Genetic differences between modern humans and Neanderthals
An international group of scientists completed a draft sequence of the Neanderthal genome in May 2010. The results indicate some breeding between modern humans (Homo sapiens) and Neanderthals (Homo neanderthalensis),
as the genomes of non-African humans have 1–4% more in common with
Neanderthals than do the genomes of subsaharan Africans. Neanderthals
and most modern humans share a lactose-intolerant variant of the lactase
gene that encodes an enzyme that is unable to break down lactose in
milk after weaning. Modern humans and Neanderthals also share the FOXP2
gene variant associated with brain development and with speech in
modern humans, indicating that Neanderthals may have been able to speak.
Chimps have two amino acid differences in FOXP2 compared with human and
Neanderthal FOXP2.
Genetic differences among modern humans
H. sapiens is thought to have emerged about 300,000 years ago. It dispersed throughout Africa, and after 70,000 years ago throughout Eurasia and Oceania.
A 2009 study identified 14 "ancestral population clusters", the most remote being the San people of Southern Africa.
With their rapid expansion throughout different climate zones,
and especially with the availability of new food sources with the domestication of cattle and the development of agriculture, human populations have been exposed to significant selective pressures since their dispersal.
For example, East Asians have been found to be separated from Europids by a number of concentrated alleles suggestive of selection pressures, including variants of the EDAR, ADH1B, ABCC1, and ALDH2genes.

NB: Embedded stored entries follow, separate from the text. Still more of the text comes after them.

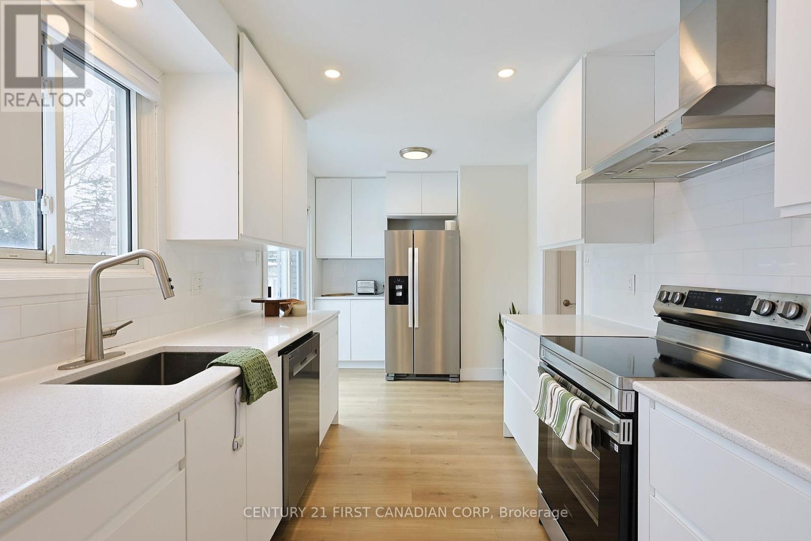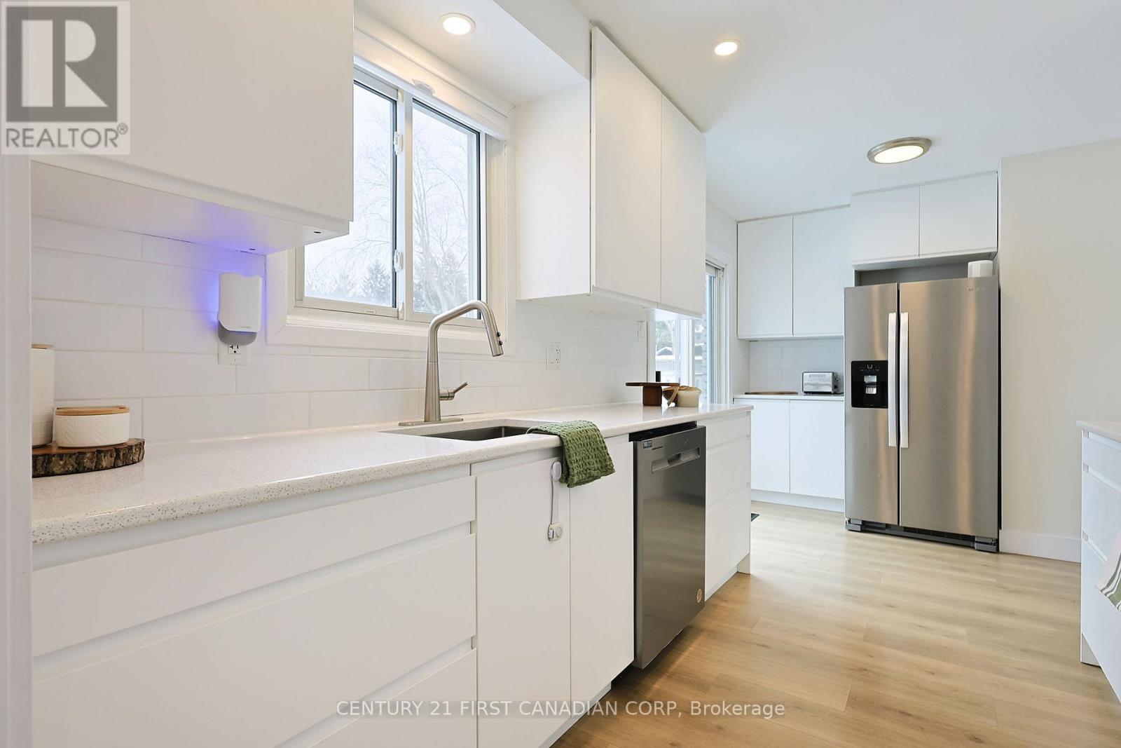 Located in Byron, this charming 2 Story has been recently upgraded with luxury vinyl throughout main floor with pot lights in living room, dining room and kitchen. Bright and Spacious Living and Dining areas are perfect for entertaining with easy access to large kitchen with upgraded kitchen cabinets and newly installed quartz kitchen counter tops (2025). Double patio door in kitchen leads to outdoor deck, and patios. Makes it easy access to the backyard in all seasons. The real unique feature of this home is Main Floor Bedroom, which can be used for Den, In-law Suite or home based business. Main floor 3 pc bathrooms has been recently updated with new vanity and overhead storage (2025) for fresher look. All 4 Bedrooms upstairs have no carpet and all rooms are bright and spacious. Lower level is also finished with Large rec-room which has gas fireplace,(2019), and ample room for kids to play. Tucked on the side is huge laundry room with tons of storage areas, and door that leads to the back yard with Separate Entrance !!!This homes has all the features one requires to move in, and call it a home !!!. Recent updates in the home includes Shingles 2017, Gas Fireplace 2019, Dishwasher 2019, AC 2023, Luxury Vinyl floors (2025), Pot lights (2025), quartz counters (2025), Bathroom vainity and overhead storage (2025). Close to all amenities and ranked elementary schools !!! This home will not last long... Flexible closing... Why buy condo and pay condo fees... Move into this Large, Spacious and Bright home and enjoy living...You and kids can walk to the BOLER MOUNTAIN to SKI or year around activities.. Truly family friendly neighbourhood !!! (42089466)
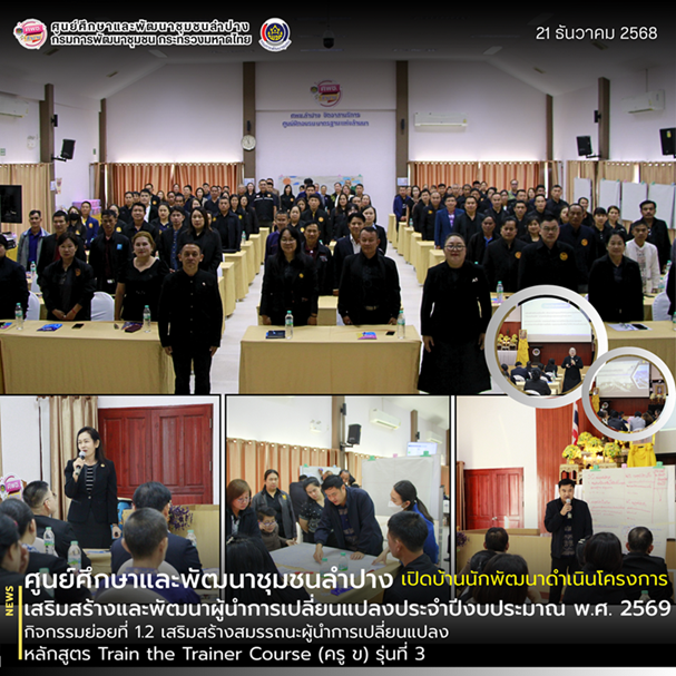 วันที่ 21 ธันวาคม 2568 ณ หอประชุมทิพย์ช้าง ศูนย์ศึกษาและพัฒนาชุมชนลำปาง
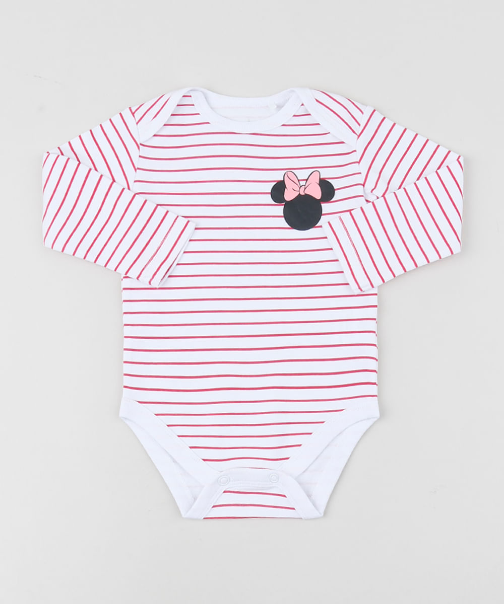 Body infantil desenvolvido em malha. Tem estampa listrada e da personagem Minnie, da Disney. A gola é careca e as mangas são longas.
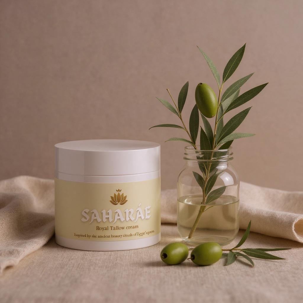 SAHARÁE revives that devotion, a tallow cream of pure grass-fed origin, infused with olive, jojoba, lavender, and lemongrass.
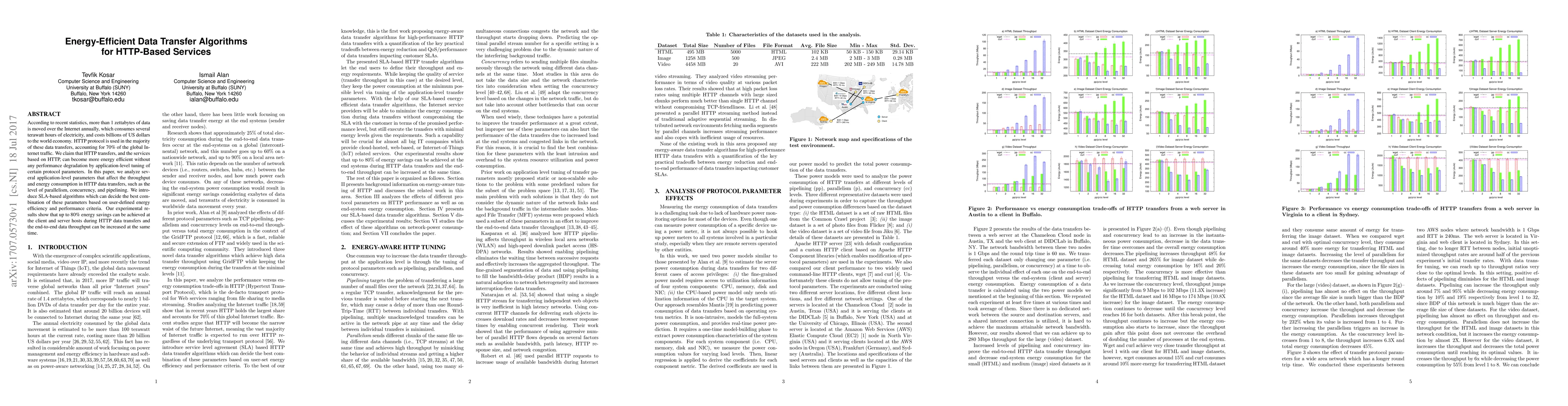 According to recent statistics, more than 1 zettabytes of data is moved over the Internet annually, which consumes several terawatt hours of electricity, and costs billions of US dollars to the world economy. HTTP protocol is used in the majority of these data transfers, accounting for 70% of the global Internet traffic. We claim that HTTP transfers, and the services based on HTTP, can become more energy efficient without any performance degradation by application-level tuning of certain protocol parameters. In this paper, we analyze several application-level parameters that affect the throughput and energy consumption in HTTP data transfers, such as the level of parallelism, concurrency, and pipelining. We introduce SLA-based algorithms which can decide the best combination of these parameters based on user-defined energy efficiency and performance criteria. Our experimental results show that up to 80% energy savings can be achieved at the client and server hosts during HTTP data transfers and the end-to-end data throughput can be increased at the same time.

The East Asian types of ADH1B in particular are associated with rice domestication and would thus have arisen after the development of rice cultivation roughly 10,000 years ago. Several phenotypical traits of characteristic of East Asians are due to a single mutation of the EDAR gene, dated to c. 35,000 years ago.
As of 2017, the Single Nucleotide Polymorphism Database (dbSNP), which lists SNP and other variants, listed a total of 324 million variants found in sequenced human genomes.
Nucleotide diversity,
the average proportion of nucleotides that differ between two
individuals, is estimated at between 0.1% and 0.4% for contemporary
humans (compared to 2% between humans and chimpanzees).
This corresponds to genome differences at a few million sites; the 1000 Genomes Project
similarly found
that "a typical [individual] genome differs from the reference human
genome at 4.1 million to 5.0 million sites … affecting 20 million bases
of sequence."
In February 2019, scientists discovered evidence, based on genetics studies using artificial intelligence (AI), that suggest the existence of an unknown human ancestor species, not Neanderthal, Denisovan or human hybrid (like Denny (hybrid hominin)), in the genome of modern humans.